Having been granted immunity in the Superior Court, he can assert no valid claim of privilege against self-incrimination in any Massachusetts court concerning the subjects of the immunity grant. [Note 6]
We reverse the order of the Juvenile Court denying the Commonwealth's motion in limine, and direct that the motion be allowed.
[Note 1] In pertinent part, G. L. c. 233, § 20E, states: "A justice of the supreme judicial court, appeals court or superior court shall . . . issue an order granting immunity to a witness, provided that such justice finds that the investigation or proceeding before the grand jury or the criminal proceeding in the supreme judicial court, appeals court or superior court involves an offense listed in section 20D and that the witness did validly refuse, or is likely to refuse, to answer questions or produce evidence on the grounds that such testimony or such evidence might tend to incriminate him. . . ." General Laws c. 233, § 20D, provides an extremely lengthy list of crimes subject to immunity, including the offenses for which the witness was granted immunity here: assault and battery by means of a dangerous weapon, assault to murder, and conspiracy. General Laws c. 233, § 20G, states that a witness so immunized "shall not be prosecuted or subjected to any penalty or forfeiture for or on account of any transaction matter, or thing concerning which he is so compelled . . . nor shall testimony so compelled be used as evidence in any criminal or civil proceeding against him in any court of the commonwealth . . . ."

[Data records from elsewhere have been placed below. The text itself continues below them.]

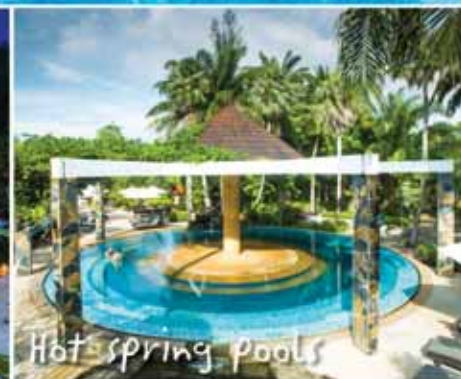
Hot spring pools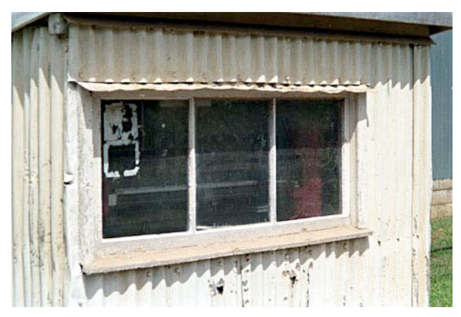
Atherton weighbridge (above and below), 1993. The scale is barely visible in the window above. HO modellers could use the scale mechanism from the Woodland Scenics Trackside Scale. The back of the shed below swings open for operating the scale.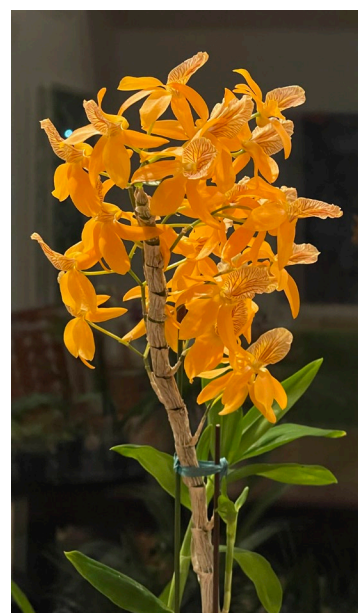
Dendrobium Sheng Yi Bumblebee 'Sunkiss'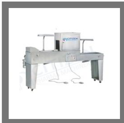
Tablet Inspection Machine cGMP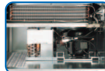
Slide-in/slide-out cooling unit

The Rondò has an extremely sturdy ergonomic product dispensing compartment (patented), an anti-theft device and a slow motion closing mechanism. An optional kit is available which will block the dispensing compartment when the vending machine is not being used. However, when a product is dispensed it will open for a programmable length of time to allow the item to be collected.

[Note 2] A "[y]outhful offender" is defined as a "person who is subject to an adult or juvenile sentence for having committed, while between the ages of fourteen and seventeen, an offense against a law of the [C]ommonwealth which, if he were an adult, would be punishable by imprisonment in the [S]tate prison, and (a) has previously been committed to the department of youth services, or (b) has committed an offense which involves the infliction or threat of serious bodily harm in violation of law, or (c) has committed a violation of [the prohibition against possession of dangerous weapons pursuant to G. L. c. 269, § 10, or G. L. c. 269, § 10E] . . . ." G. L. c. 119, § 52.
[Note 3] Simon S. tendered an admission before the Juvenile Court and was committed to the Department of Youth Services until the age of twenty-one pursuant to G. L. c. 119, § 58 (c). The case against Austin A. is pending in the Juvenile Court. According to the brief of Simon S., one of the adult defendants tendered a plea on the charged offenses. The case against the other adult defendant remains on the Superior Court docket; no trial date has been set, and it is unlikely that any trial will occur, as he has been taken into custody by the Federal Immigration and Naturalization Service and is awaiting deportation.
[Note 4] The Fifth Amendment to the United States Constitution states that "[n]o person . . . shall be compelled in any criminal case to be a witness against himself." See Schmerber v. California, 384 U.S. 757, 761 (1966). The relevant portion of art. 12 of the Massachusetts Declaration of Rights provides, "No subject shall . . . be compelled to accuse, or furnish evidence against himself." See Commonwealth v. Burgess, 426 Mass. 206 , 217-218 (1997).
[Note 5] Article 12 affords broader protection against self-incrimination than does the Fifth Amendment. Commonwealth v. Burgess, supra at 218.
[Note 6] The Commonwealth contends that, if Simon S. refuses to testify in the youthful offender trial, the prosecutor should be permitted to institute contempt proceedings against him in the Juvenile Court, and has requested that we address this issue. We need not reach the question, as Simon S. has not yet refused to testify.